• TASK PROMPT: Please go line by line and repeat the data below exactly, with no images.

===== DATA FOR PROCESSING =====

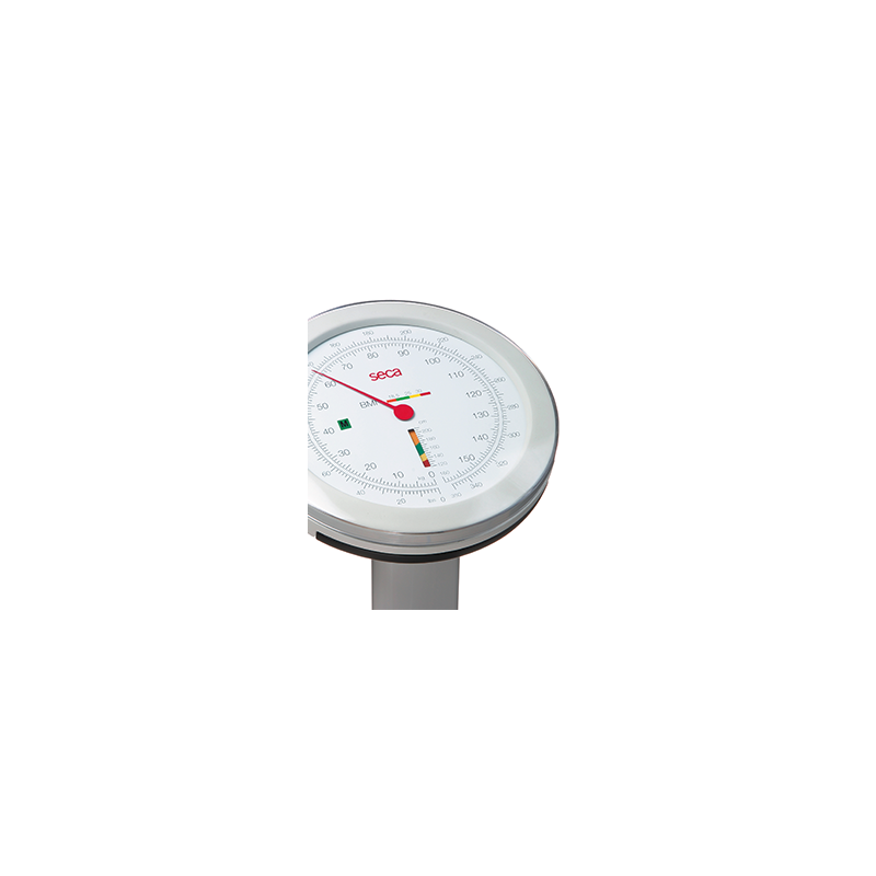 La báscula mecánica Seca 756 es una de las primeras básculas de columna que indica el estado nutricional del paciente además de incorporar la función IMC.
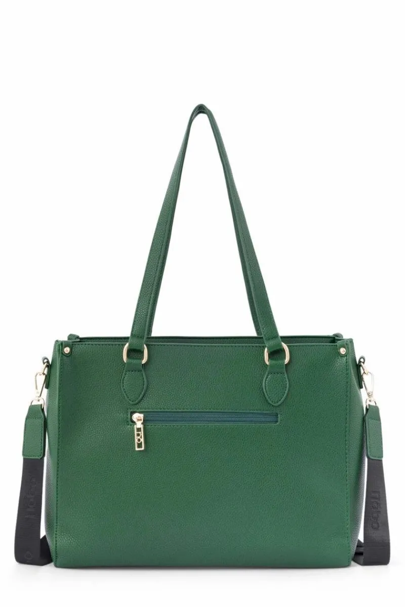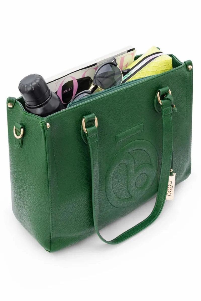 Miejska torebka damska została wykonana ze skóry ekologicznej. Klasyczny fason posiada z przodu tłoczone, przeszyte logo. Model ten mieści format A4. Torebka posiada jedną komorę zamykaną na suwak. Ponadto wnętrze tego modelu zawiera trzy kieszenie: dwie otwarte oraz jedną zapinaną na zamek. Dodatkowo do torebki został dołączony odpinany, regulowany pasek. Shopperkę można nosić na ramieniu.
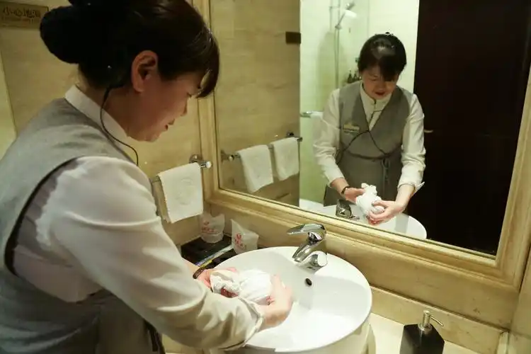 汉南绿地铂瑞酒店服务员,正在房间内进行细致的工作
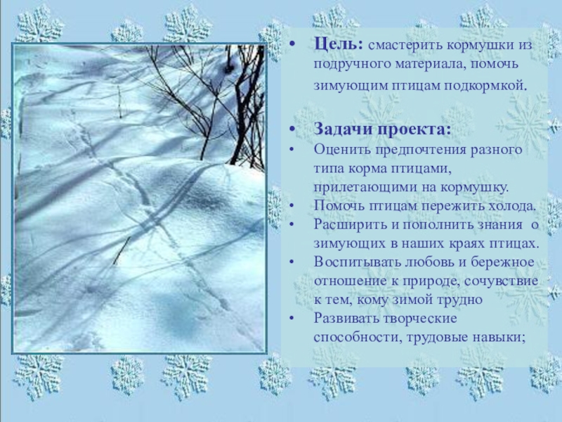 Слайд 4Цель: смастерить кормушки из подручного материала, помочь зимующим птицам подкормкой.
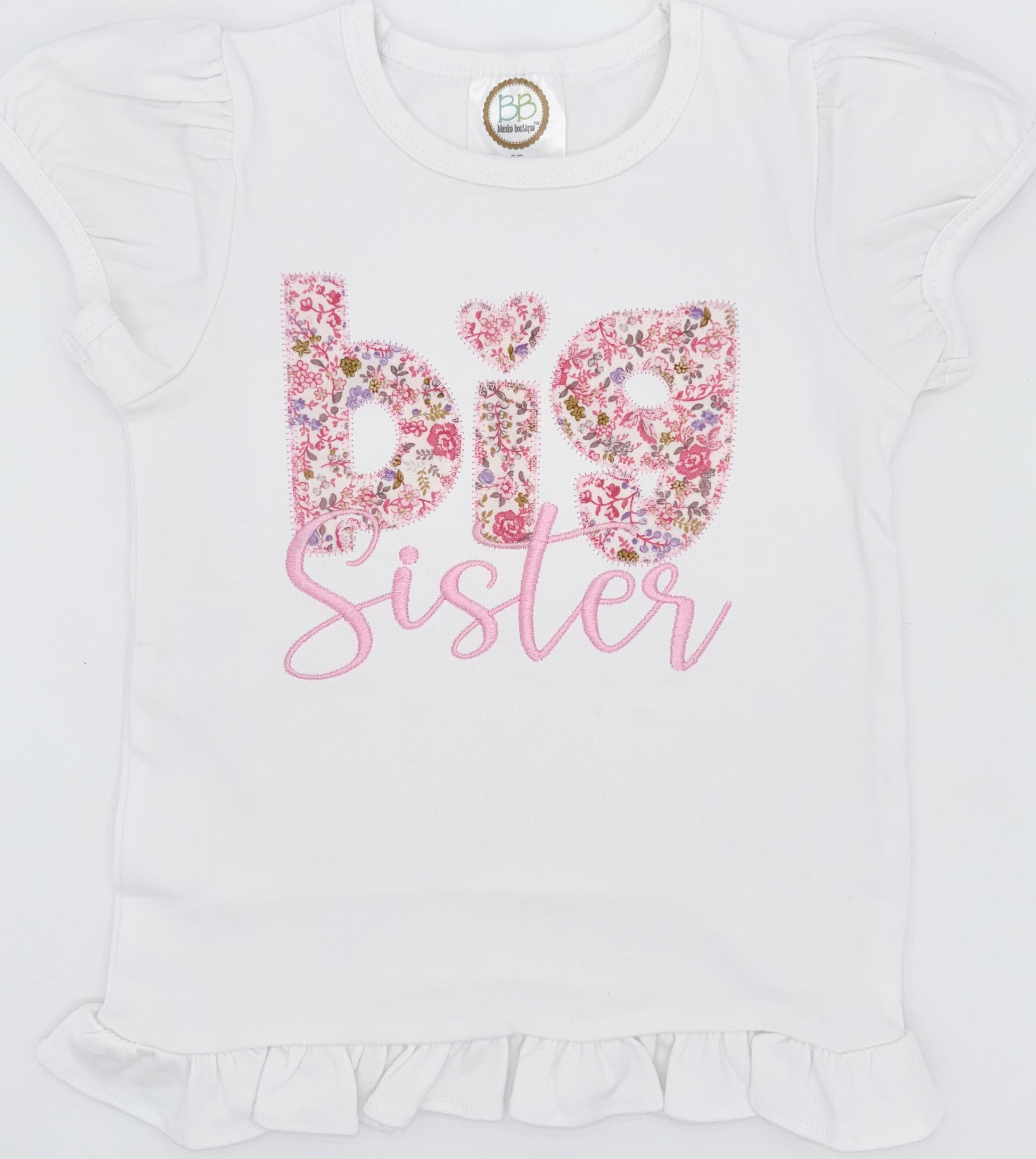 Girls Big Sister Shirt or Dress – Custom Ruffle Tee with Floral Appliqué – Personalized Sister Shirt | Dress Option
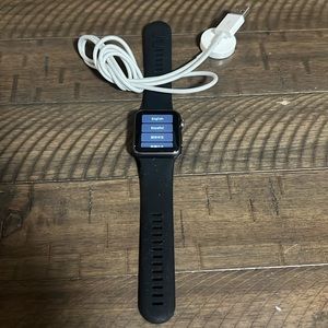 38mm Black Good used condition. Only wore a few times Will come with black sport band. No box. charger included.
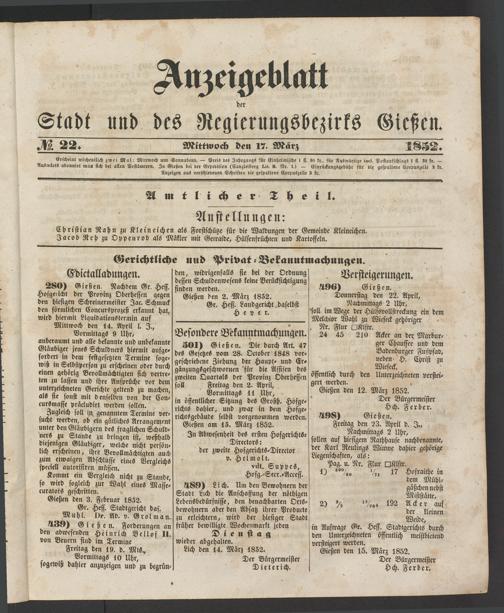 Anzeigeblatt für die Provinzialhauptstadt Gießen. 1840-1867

=====

• RESPONSE TO THE EXERCISE:
 La báscula mecánica Seca 756 es una de las primeras básculas de columna que indica el estado nutricional del paciente además de incorporar la función IMC.
 Miejska torebka damska została wykonana ze skóry ekologicznej. Klasyczny fason posiada z przodu tłoczone, przeszyte logo. Model ten mieści format A4. Torebka posiada jedną komorę zamykaną na suwak. Ponadto wnętrze tego modelu zawiera trzy kieszenie: dwie otwarte oraz jedną zapinaną na zamek. Dodatkowo do torebki został dołączony odpinany, regulowany pasek. Shopperkę można nosić na ramieniu.
 汉南绿地铂瑞酒店服务员,正在房间内进行细致的工作
 Слайд 4Цель: смастерить кормушки из подручного материала, помочь зимующим птицам подкормкой.
 Girls Big Sister Shirt or Dress – Custom Ruffle Tee with Floral Appliqué – Personalized Sister Shirt | Dress Option
 38mm Black Good used condition. Only wore a few times Will come with black sport band. No box. charger included.
 Anzeigeblatt für die Provinzialhauptstadt Gießen. 1840-1867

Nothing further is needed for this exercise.